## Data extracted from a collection

<<<<

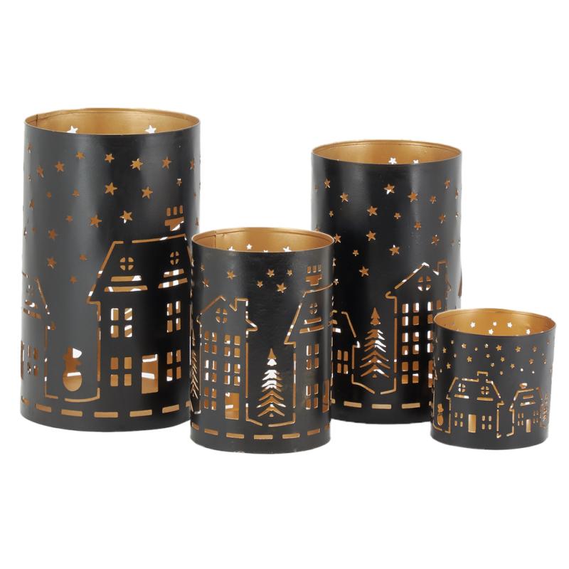 Set of 4 candle holders in black tinted metal. Cut-outs in houses shape
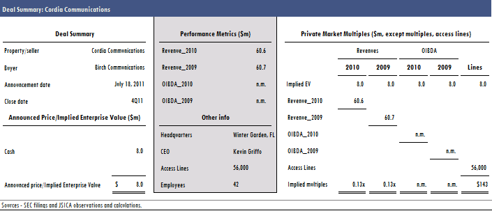 Thursday, July 28, 2011 at 9:55AM Birch to Acquire Cordia Communications for $8m
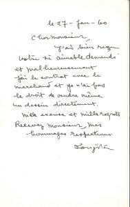 (1886-1968). L.A.S., 27 janvier 1960 ; ¾ page in-8. « J’ai bien reçu votre si aimable demande et malheureusement j’ai le contrat avec le marchand et je n’ai pas le droit de vendre même un dessin directement »...
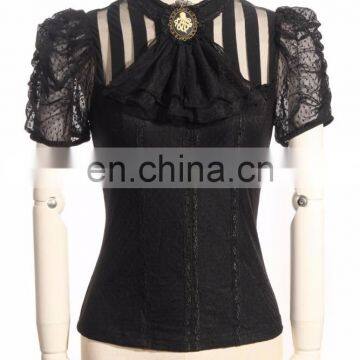 Steampunk Gothic Blouse With Jabot and Octopus Brooch
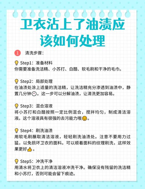 〖One〗、去除纯棉卫衣上的顽固油渍,可以采取以下几种方法:使用洗洁精:在油渍处滴上几滴洗洁精,确保洗洁精完全覆盖油渍区域。将卫衣浸泡在含有洗洁精的水中约二十分钟。这样可以有效地将油渍洗掉。使用牙膏:在油渍上涂抹少许牙膏。轻轻揉搓,利用牙膏的清洁力去除油渍。
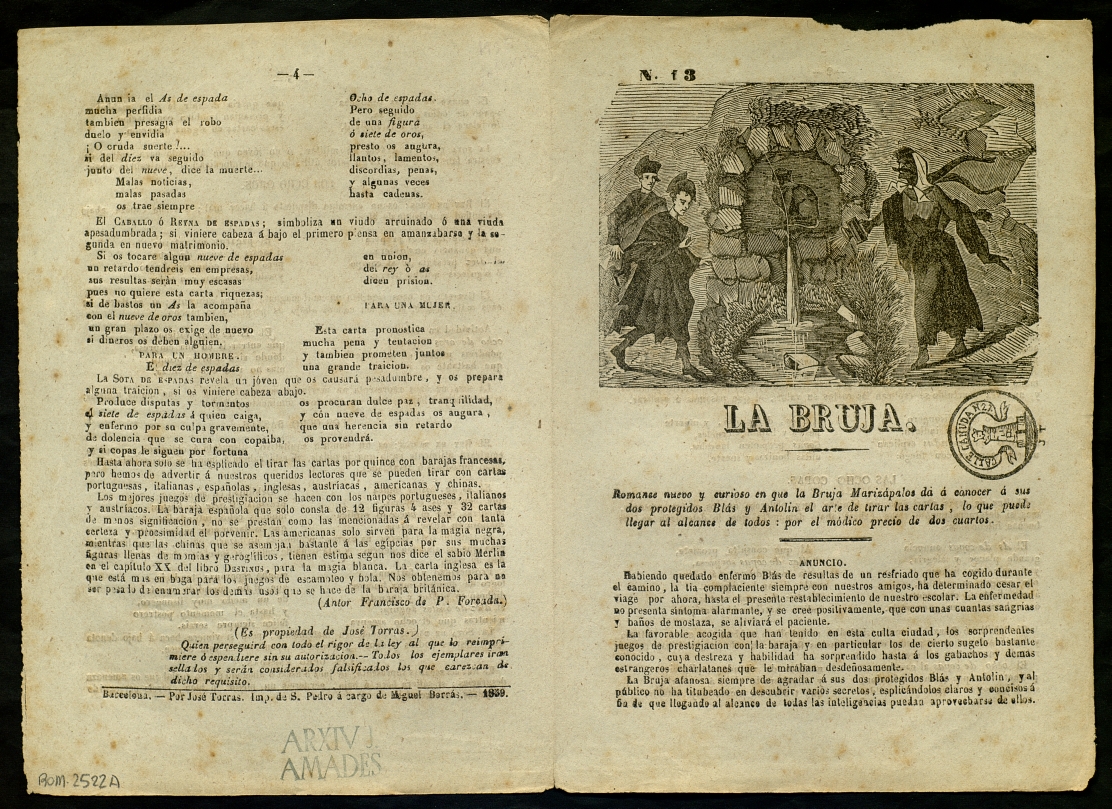 "Romance nuevo y curioso en que la Bruja Marizápalos dá á conocer á sus dos protegidos Blás y Antolin el arte de tirar las cartas, lo que puede llegar al alcance de todos: por el módico precio de dos cuartos". Aquest romanço pertany a una sèrie. Altres números de la mateixa sèrie al ROM-2518, ROM-2519, ROM-2520, ROM-2521, ROM-2523, ROM-2524 i ROM-2525.
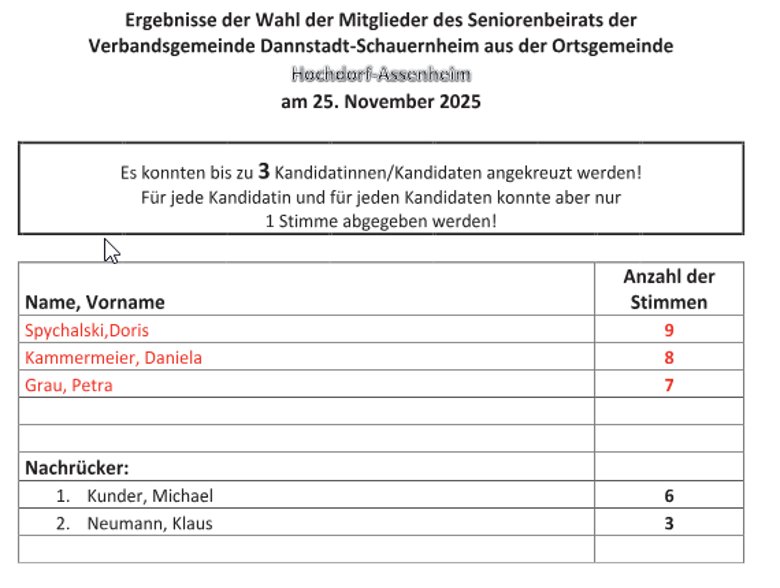 Der Andrang zur Seniorenbeirats-Wahl am 25.11.2025 im Rathaus der Verbandsgemeinde Dannstadt-Schauernheim war groß, die Mitglieder des Seniorenbeirats stehen fest. Die oder der Vorsitzende und alle weiteren Funktionen werden auf der nächsten Sitzung des Seniorenbeirates bestimmt.
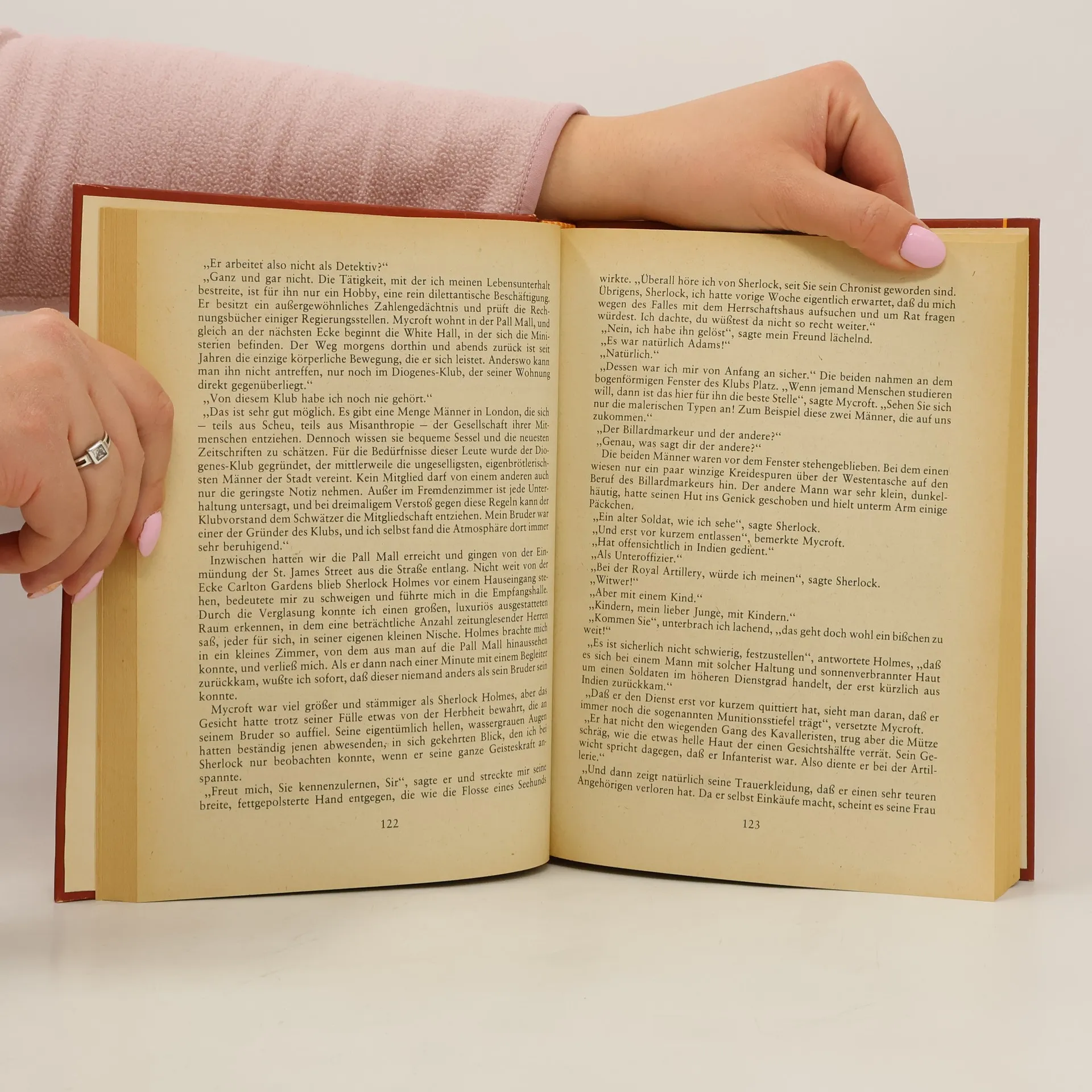 London, Baker Street 221 B, hier wohnt Sherlock Holmes, manchmal auch sein Freund, Dr. Watson.Holmes' Wirtin hat viel zu erdulden. Nicht genug, dass in der ersten Etage ihres Hauses merkwürdige und oft zwielichtige Gestahlten ständig ein und aus gehen, hinzu kommen seine gelegentlichen Schießübungen im Wohnzimmer, die unheimlichen und übelriechenden chemischen Experimente, ein Hauch von Gewalt und Gefahr.Aber natürlich ist sie stolz auf Holmes, denn selbst Scotland Yard bittet ihn um Hilfe: Da müssen Mörder gesucht werden, die im Auftrag einer Geheimorganisation arbeiten und ihren Opfern als Vorboten fünf Apfelsinenkerne schicken, da ist ein Berylldiadem aus dem Kronschatz verschwunden oder ein Rennpferd auf mysteriöse Weise gestohlen worden, da spukt es in der alten Familiengruft, wird ein Kapitän, mit einer Harpune an die Wand gespießt, aufgefunden, eine Schlange als Mörder überführt...Phantasie, Mut und Scharfsinn, diese Eigenschaften helfen Sherlock Holmes, hinter die ausgeklügeltsten Verbrechen zu kommen.Enthält die Geschichten:Das gefleckte BandDie fünf ApfelsinenkerneDas Abenteuer mit dem BerylldiademSilver BlazeDie "Gloria Scott"Der griechische DolmetscherDer letzte FallDas Abenteuer mit dem zweiten BlutfleckDas Geheimnis von Wisteria LodgeDas Abenteuer mit dem Roten KreisDer sterbende DetektivDer Fall Thor-BrückeDas Abenteuer von Shoscombe Old PlaceDer pensionierte Farbenhändler
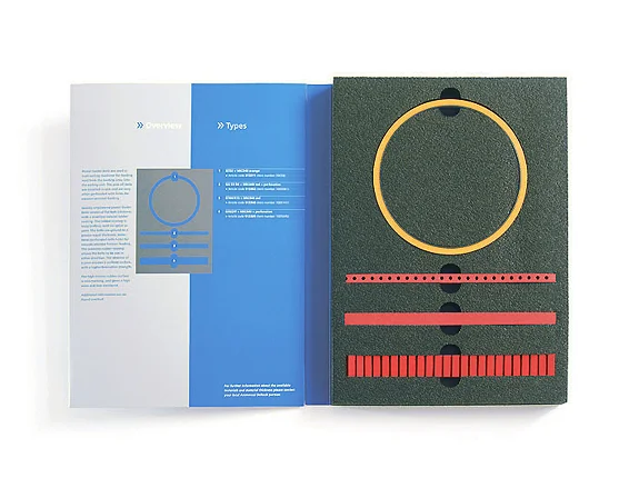 Produktmusterbox für die Präsentation systemkritischer Komponenten – Transport- und Antriebsbänder. Der niederländische Hersteller Ammeraal Beltech B.V. vermarktet diese Special-Interest-Produkte weltweit in 147 Ländern. Der Einsatz dieses hochwertigen, vertriebsunterstützenden Tools erleichtert dem Kunden die Wahl des benötigten Produkts erheblich und markiert den Premiumanspruch des Herstellers.

>>>>

## YOUR ASSIGNMENT
Nothing but the lines from the first line of the records above to the line with "Der Andrang zur", inclusive, should be transcribed exactly, and the pictures must be left out.

## ANSWER FOR THE TASK
 Set of 4 candle holders in black tinted metal. Cut-outs in houses shape
 Thursday, July 28, 2011 at 9:55AM Birch to Acquire Cordia Communications for $8m
 (1886-1968). L.A.S., 27 janvier 1960 ; ¾ page in-8. « J’ai bien reçu votre si aimable demande et malheureusement j’ai le contrat avec le marchand et je n’ai pas le droit de vendre même un dessin directement »...
 Steampunk Gothic Blouse With Jabot and Octopus Brooch
 〖One〗、去除纯棉卫衣上的顽固油渍,可以采取以下几种方法:使用洗洁精:在油渍处滴上几滴洗洁精,确保洗洁精完全覆盖油渍区域。将卫衣浸泡在含有洗洁精的水中约二十分钟。这样可以有效地将油渍洗掉。使用牙膏:在油渍上涂抹少许牙膏。轻轻揉搓,利用牙膏的清洁力去除油渍。
 "Romance nuevo y curioso en que la Bruja Marizápalos dá á conocer á sus dos protegidos Blás y Antolin el arte de tirar las cartas, lo que puede llegar al alcance de todos: por el módico precio de dos cuartos". Aquest romanço pertany a una sèrie. Altres números de la mateixa sèrie al ROM-2518, ROM-2519, ROM-2520, ROM-2521, ROM-2523, ROM-2524 i ROM-2525.
 Der Andrang zur Seniorenbeirats-Wahl am 25.11.2025 im Rathaus der Verbandsgemeinde Dannstadt-Schauernheim war groß, die Mitglieder des Seniorenbeirats stehen fest. Die oder der Vorsitzende und alle weiteren Funktionen werden auf der nächsten Sitzung des Seniorenbeirates bestimmt.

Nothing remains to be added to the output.